Skip the pictures. Output only the lines below starting at the line with "Penghargaan Jatim Provinsi" and ending at the line with "中國(guó)海油中海油服深", both ends included, exactly as they are.
**** DATA SUPPLIED
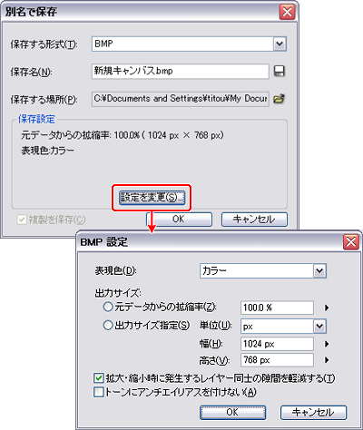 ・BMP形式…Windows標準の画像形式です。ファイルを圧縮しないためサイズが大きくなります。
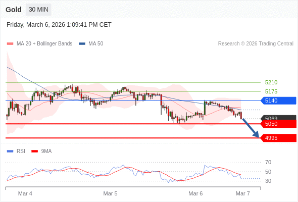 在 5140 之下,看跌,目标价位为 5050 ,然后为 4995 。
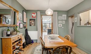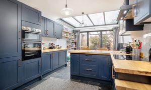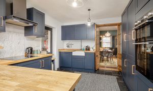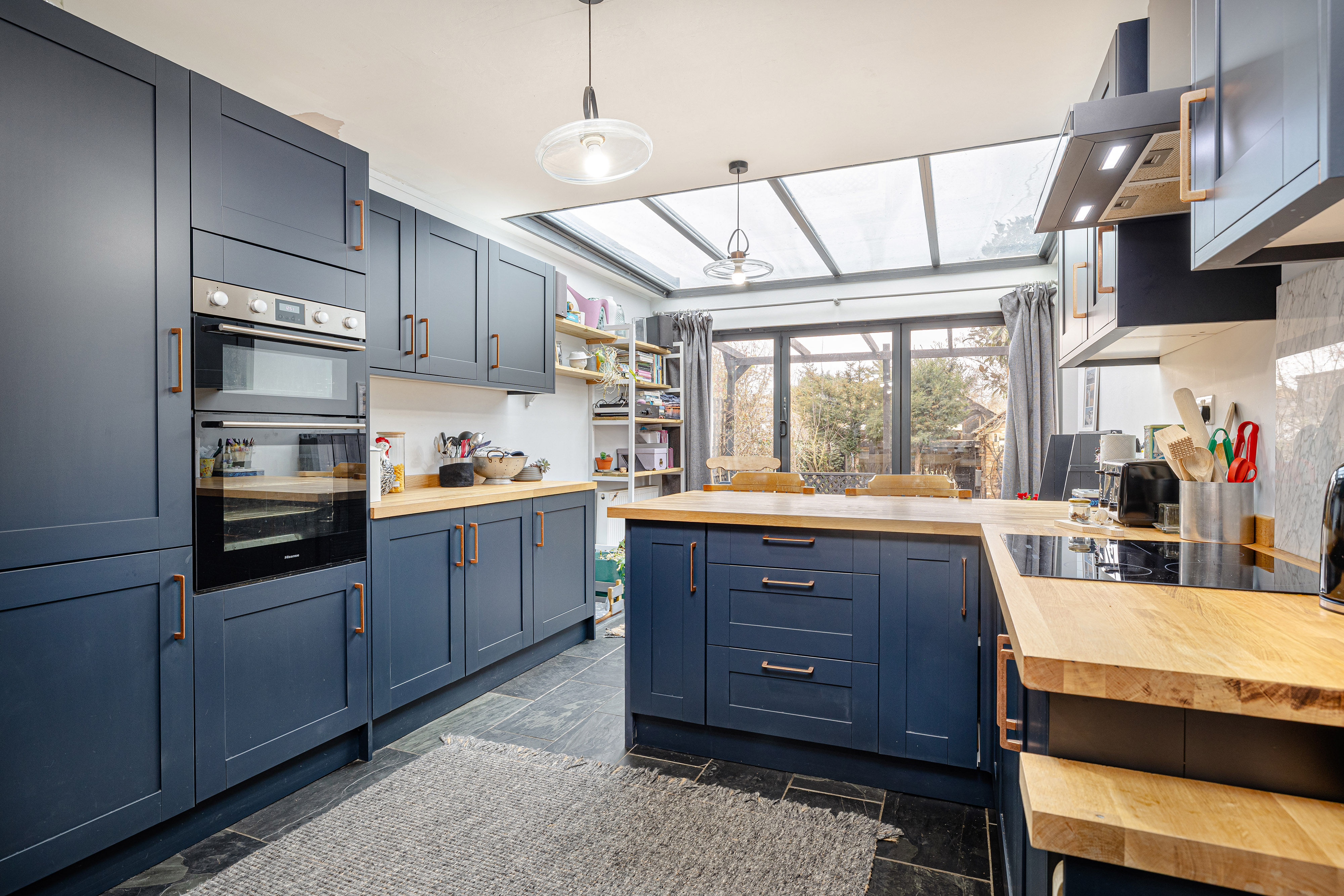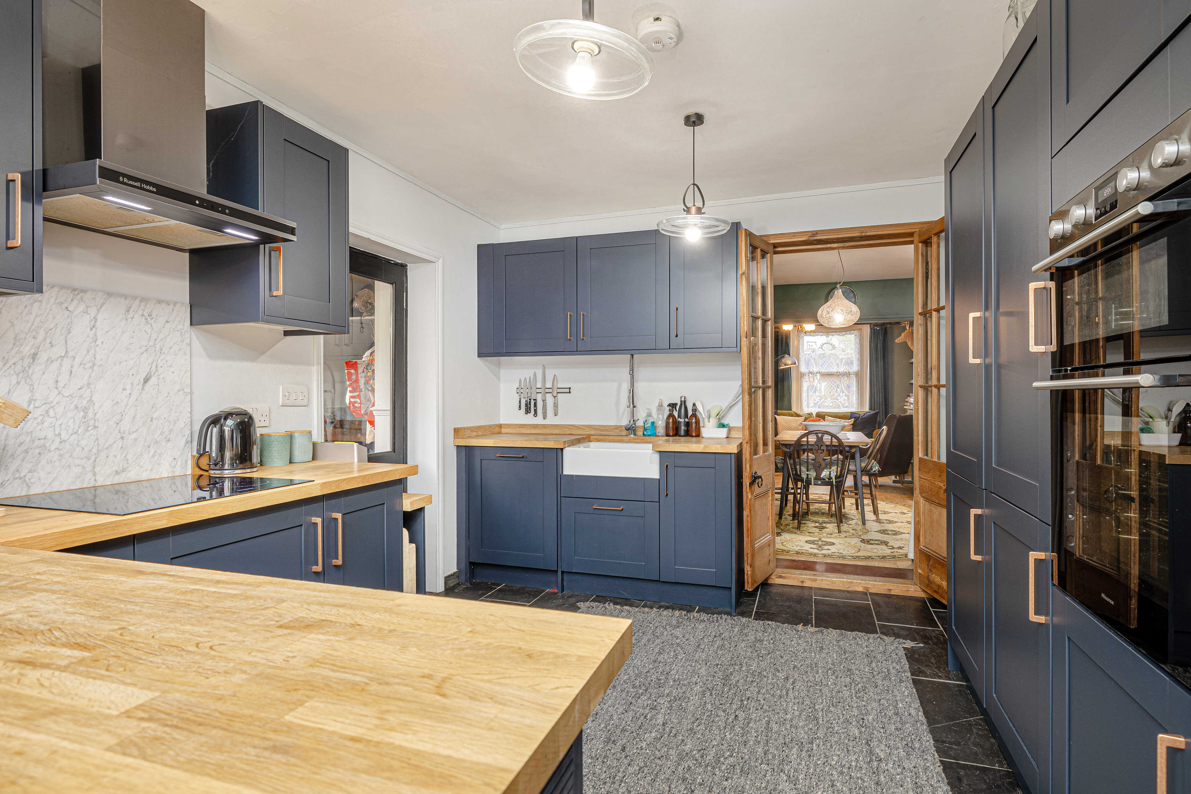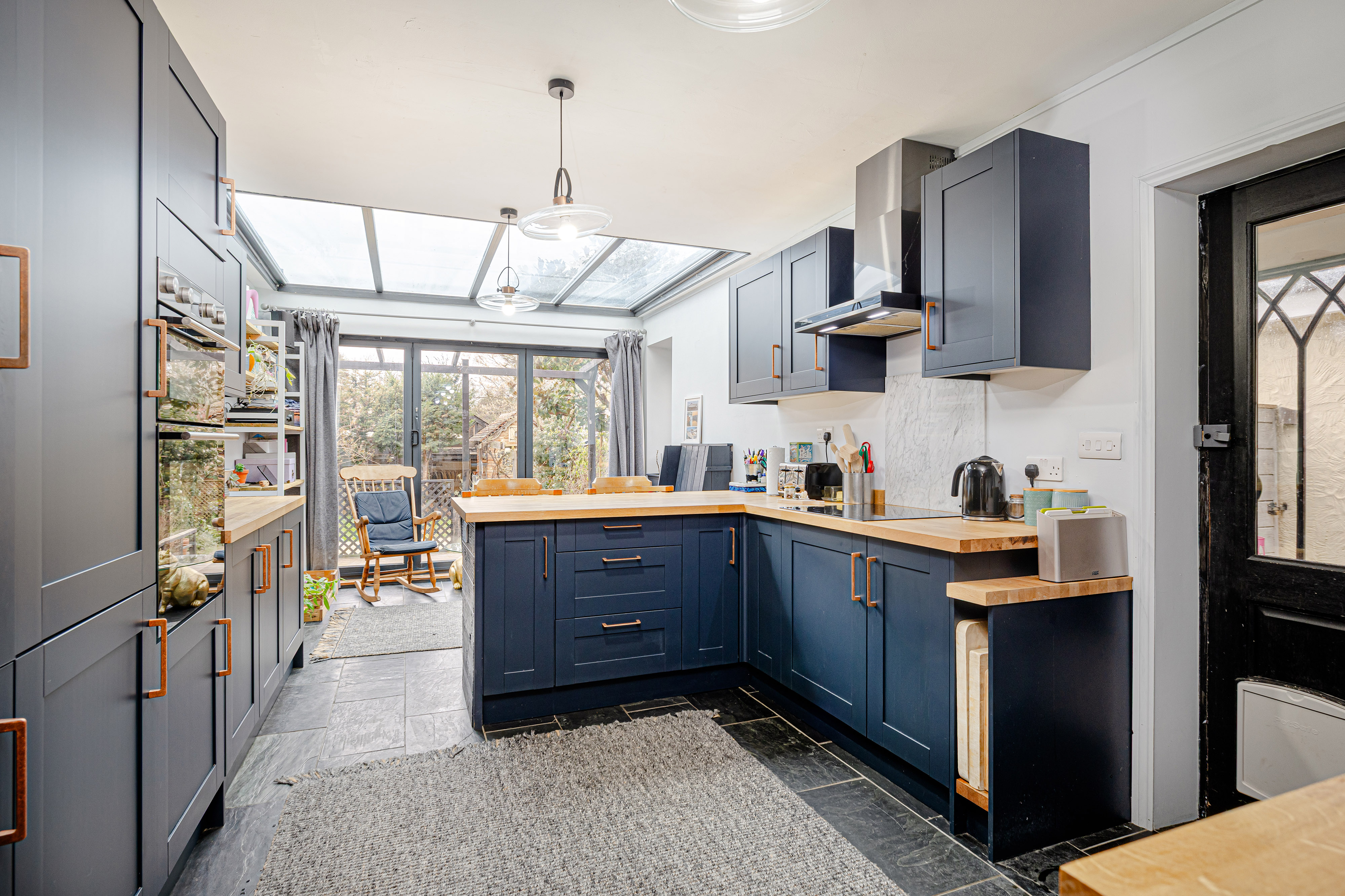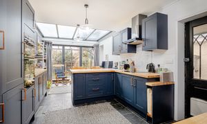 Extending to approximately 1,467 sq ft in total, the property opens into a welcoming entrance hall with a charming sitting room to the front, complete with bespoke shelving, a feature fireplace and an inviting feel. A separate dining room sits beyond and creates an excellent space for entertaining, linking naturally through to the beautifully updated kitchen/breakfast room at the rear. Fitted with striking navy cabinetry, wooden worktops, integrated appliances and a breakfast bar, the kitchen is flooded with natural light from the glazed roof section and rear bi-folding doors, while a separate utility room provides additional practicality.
********
**** DATA SUPPLIED
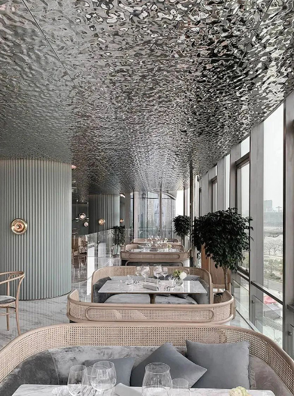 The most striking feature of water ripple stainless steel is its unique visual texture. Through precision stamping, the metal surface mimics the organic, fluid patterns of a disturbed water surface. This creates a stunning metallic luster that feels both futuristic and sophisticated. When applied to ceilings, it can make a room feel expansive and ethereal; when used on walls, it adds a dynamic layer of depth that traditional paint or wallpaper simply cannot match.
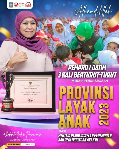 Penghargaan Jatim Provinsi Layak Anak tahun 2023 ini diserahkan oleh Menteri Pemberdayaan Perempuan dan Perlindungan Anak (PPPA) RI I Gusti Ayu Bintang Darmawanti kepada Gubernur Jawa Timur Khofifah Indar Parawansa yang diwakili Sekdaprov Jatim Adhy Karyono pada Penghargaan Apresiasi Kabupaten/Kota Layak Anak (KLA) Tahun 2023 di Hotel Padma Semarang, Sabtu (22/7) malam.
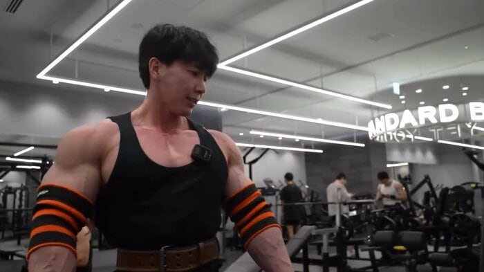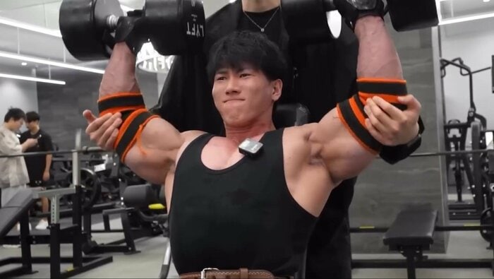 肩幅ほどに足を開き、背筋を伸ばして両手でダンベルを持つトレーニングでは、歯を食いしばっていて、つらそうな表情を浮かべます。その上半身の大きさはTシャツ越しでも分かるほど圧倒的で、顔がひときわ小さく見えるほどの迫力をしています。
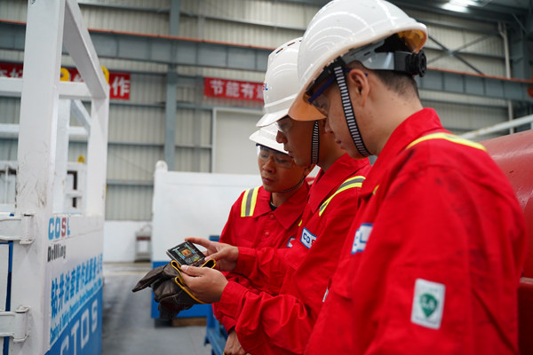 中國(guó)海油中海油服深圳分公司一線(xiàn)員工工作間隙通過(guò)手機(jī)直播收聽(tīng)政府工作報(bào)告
********
EXERCISE RESULT:
 Penghargaan Jatim Provinsi Layak Anak tahun 2023 ini diserahkan oleh Menteri Pemberdayaan Perempuan dan Perlindungan Anak (PPPA) RI I Gusti Ayu Bintang Darmawanti kepada Gubernur Jawa Timur Khofifah Indar Parawansa yang diwakili Sekdaprov Jatim Adhy Karyono pada Penghargaan Apresiasi Kabupaten/Kota Layak Anak (KLA) Tahun 2023 di Hotel Padma Semarang, Sabtu (22/7) malam.
 肩幅ほどに足を開き、背筋を伸ばして両手でダンベルを持つトレーニングでは、歯を食いしばっていて、つらそうな表情を浮かべます。その上半身の大きさはTシャツ越しでも分かるほど圧倒的で、顔がひときわ小さく見えるほどの迫力をしています。
 中國(guó)海油中海油服深圳分公司一線(xiàn)員工工作間隙通過(guò)手機(jī)直播收聽(tīng)政府工作報(bào)告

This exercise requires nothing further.